> **ACTIVITY**
Print each line below verbatim, skipping every picture.

THE DATA section start

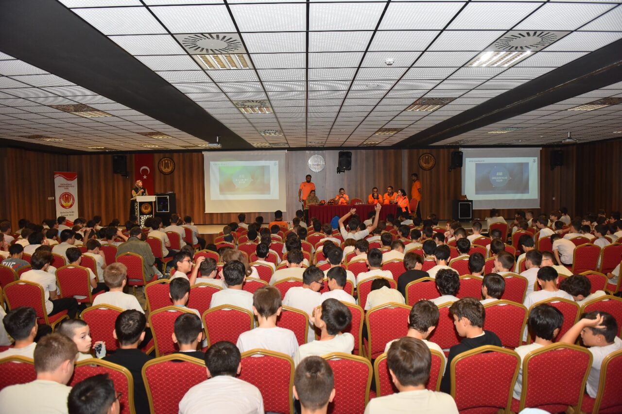 Bursa Merkez Anadolu İmam Hatip Lisesi ve İmam Hatip Ortaokulu’nu ziyaret eden Yıldırım Belediyesi Afet İşleri Müdürlüğü personeli, öğrencilere hem afet farkındalık eğitimi verdi hem de acil durum tahliye tatbikatı gerçekleştirdi.
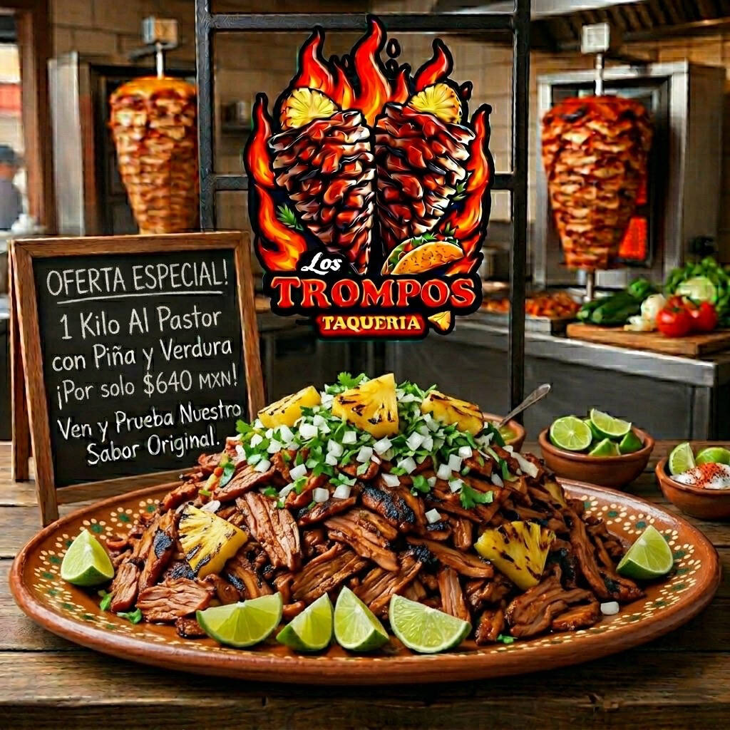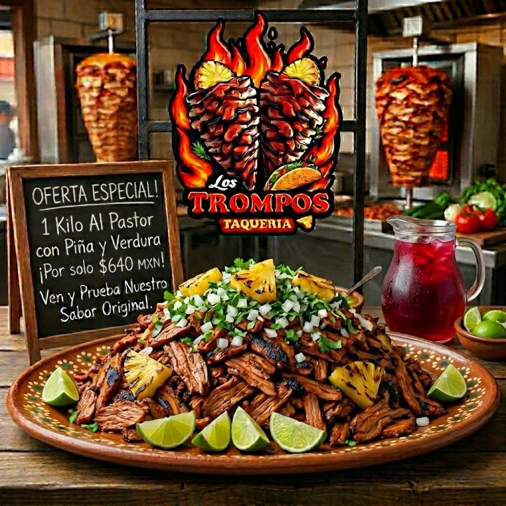 Kilo de Pastor con Todo Deliciosa carne al pastor (1 kg) acompañada de piña, cebollitas asadas, tortilla y una porción de tostadas.
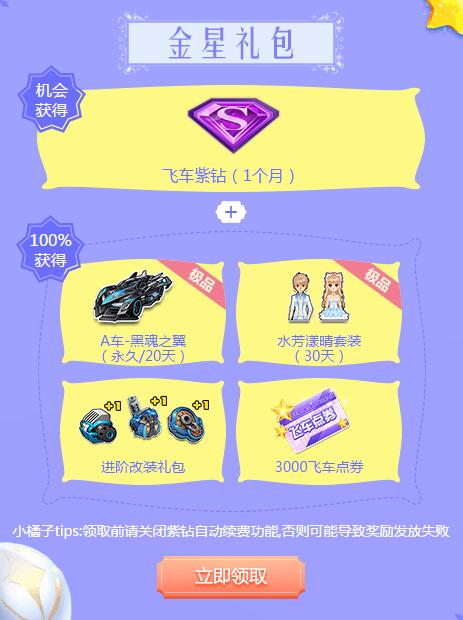 2、幸运星紫钻特权随心享:活动期间,符合身份的玩家可以领取对应身份的礼包(领取前请先关闭紫钻自动续费功能,否则可能导致奖励发放失败),单Q只可以领取其中1个礼包1次;
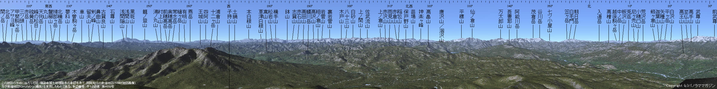 ‖子持山の情報 削除しました ■カシミール3D Ver7.25 へアップ Ver7.25 にアップデートしました。 http://www.kashmir3d.com/ ■パノラマガイドが出ました! このパノマガと同じパノラマをさらに高解像で描いたパノラマガイドが本になりました。 詳しくは下記もご覧ください。 http://www.kashmir3d.com/books/cyoten/ ---------------------------------------- 超展望の山々 -ぐるっとパノラマ関東甲信越 ブルガイドハイカー24 オールカラー 310頁 2002/2/1発売 本体価格:1900円+税 ISBN 4-408-00144-9 実業之日本社 刊 ----------------------------------------

THE DATA section end

> **RESPONSE**
 Bursa Merkez Anadolu İmam Hatip Lisesi ve İmam Hatip Ortaokulu’nu ziyaret eden Yıldırım Belediyesi Afet İşleri Müdürlüğü personeli, öğrencilere hem afet farkındalık eğitimi verdi hem de acil durum tahliye tatbikatı gerçekleştirdi.
 Kilo de Pastor con Todo Deliciosa carne al pastor (1 kg) acompañada de piña, cebollitas asadas, tortilla y una porción de tostadas.
 2、幸运星紫钻特权随心享:活动期间,符合身份的玩家可以领取对应身份的礼包(领取前请先关闭紫钻自动续费功能,否则可能导致奖励发放失败),单Q只可以领取其中1个礼包1次;
 ‖子持山の情報 削除しました ■カシミール3D Ver7.25 へアップ Ver7.25 にアップデートしました。 http://www.kashmir3d.com/ ■パノラマガイドが出ました! このパノマガと同じパノラマをさらに高解像で描いたパノラマガイドが本になりました。 詳しくは下記もご覧ください。 http://www.kashmir3d.com/books/cyoten/ ---------------------------------------- 超展望の山々 -ぐるっとパノラマ関東甲信越 ブルガイドハイカー24 オールカラー 310頁 2002/2/1発売 本体価格:1900円+税 ISBN 4-408-00144-9 実業之日本社 刊 ----------------------------------------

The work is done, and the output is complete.